Taiwan is already pissed off because of the delay and, even if construction started tomorrow maybe they could not be delivered until 2014 and they fear that may be too late at the rate China is rearming. The whole thing looks like quite a messy thing.
I do not understand why Taiwan cannot build them if the technology is so low tech. They’re building all the computers in the entire world wide world, for crying out loud.
So I would like those who have better knowledge about the issues involved (diesel submarines, arms, China VS. Taiwan, US role etc) to add whatever relevant information they may have and to discuss the prospects and implications.
Just to pick up on point there is nothing low tech about modern diesel submarines, they are very quiet and efficient, and apart from the propulsion still need the full gamut of sensors, electronics and weapons systems that a nuclear submarine does.
Other candidates with a capability for manufacture are Sweden and Australia although I doubt either would be thrilled at the ‘offer’
It seems the USA intitially wanted Germany to build them as they have a hydrogen-tech motor that allows subs to stay under water for much longer periods of time than diesels and is quieter.
I just don’t quite get the deal.
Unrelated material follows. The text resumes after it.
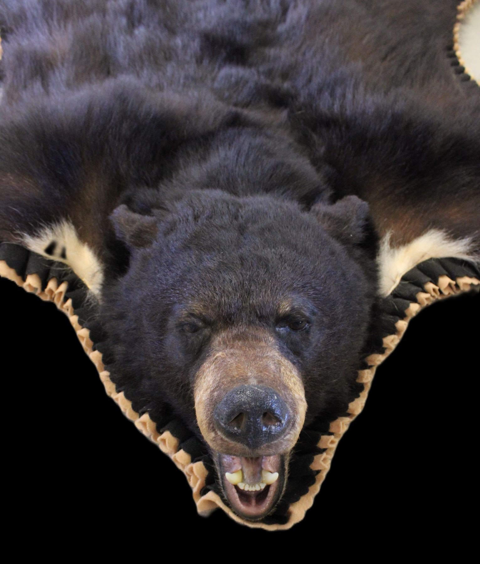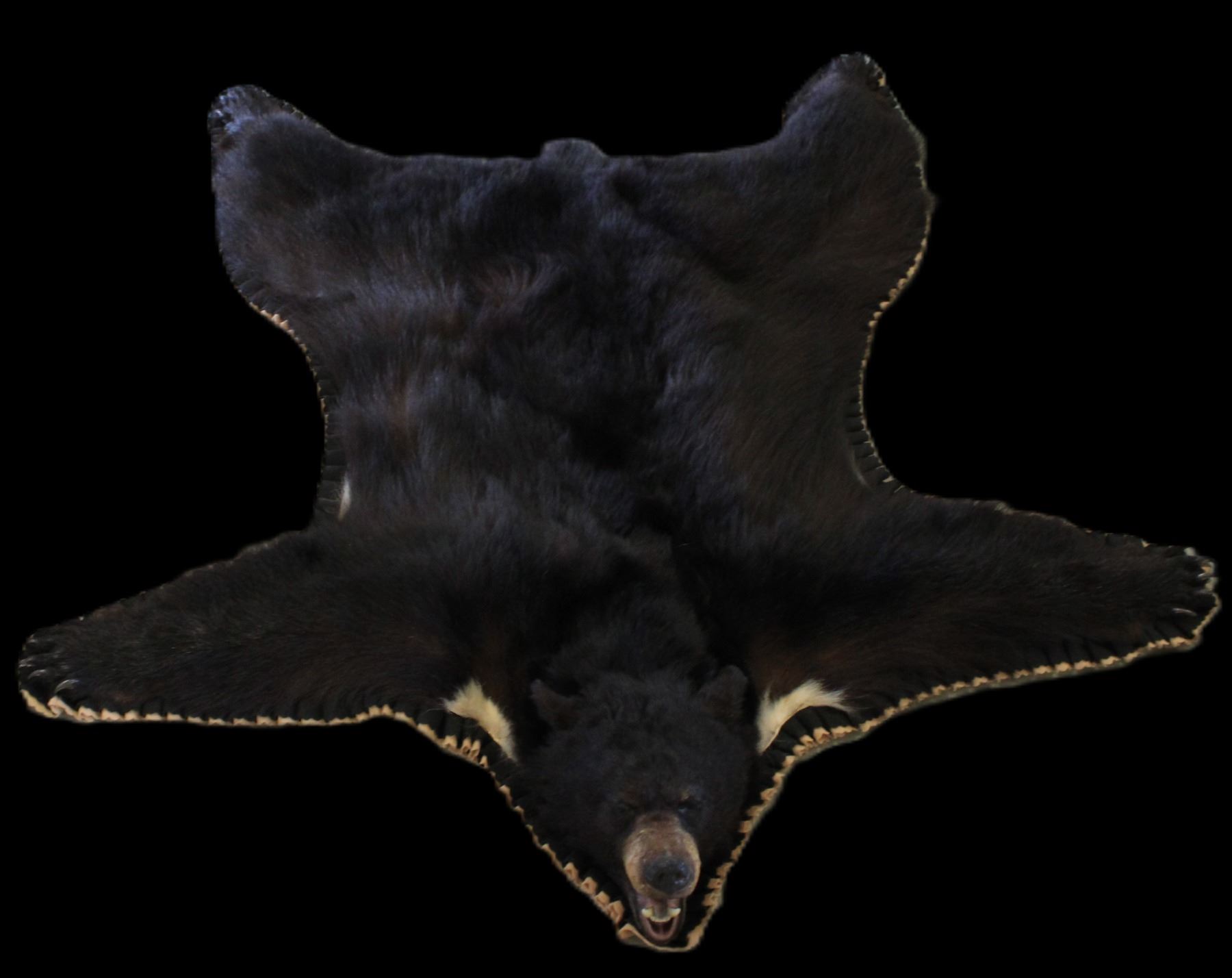 Double Matted Black Bear Rug- 59" Nose To Tail- 67" Across Front Legs- 51" Across Hind Legs- Hangs- Good Hair

Taiwan has already been making payments to the USA for something the USA cannot deliver. . . Why doesn’t Taiwan build them or buy them directly from whoever can build them?
It’s kind of funny. The USA has offered to let Spanish oil companies bid on Iraqi oil. . . except that it is a type of oil the Spanish companies are not equipped to refine while the American competitors are. I just get a chuckle seeing the ridicule of the Spanish government who thought they were going to be rewarded by supporting their American “friend”.
Another “reward” is that Spain has been invited to be part of the occupying force in Iraq and there is quite a bit of internal opposition knowing that any day Spanish soldiers are going to become entangled in the guerrilla war. There is so little support in Spain for the army and this operation that they have had to resort to recruiting in latin American countries, mainly El Salvador, peru and Ecuador. So, in reality, it is becoming a mercenary force under Spanish command.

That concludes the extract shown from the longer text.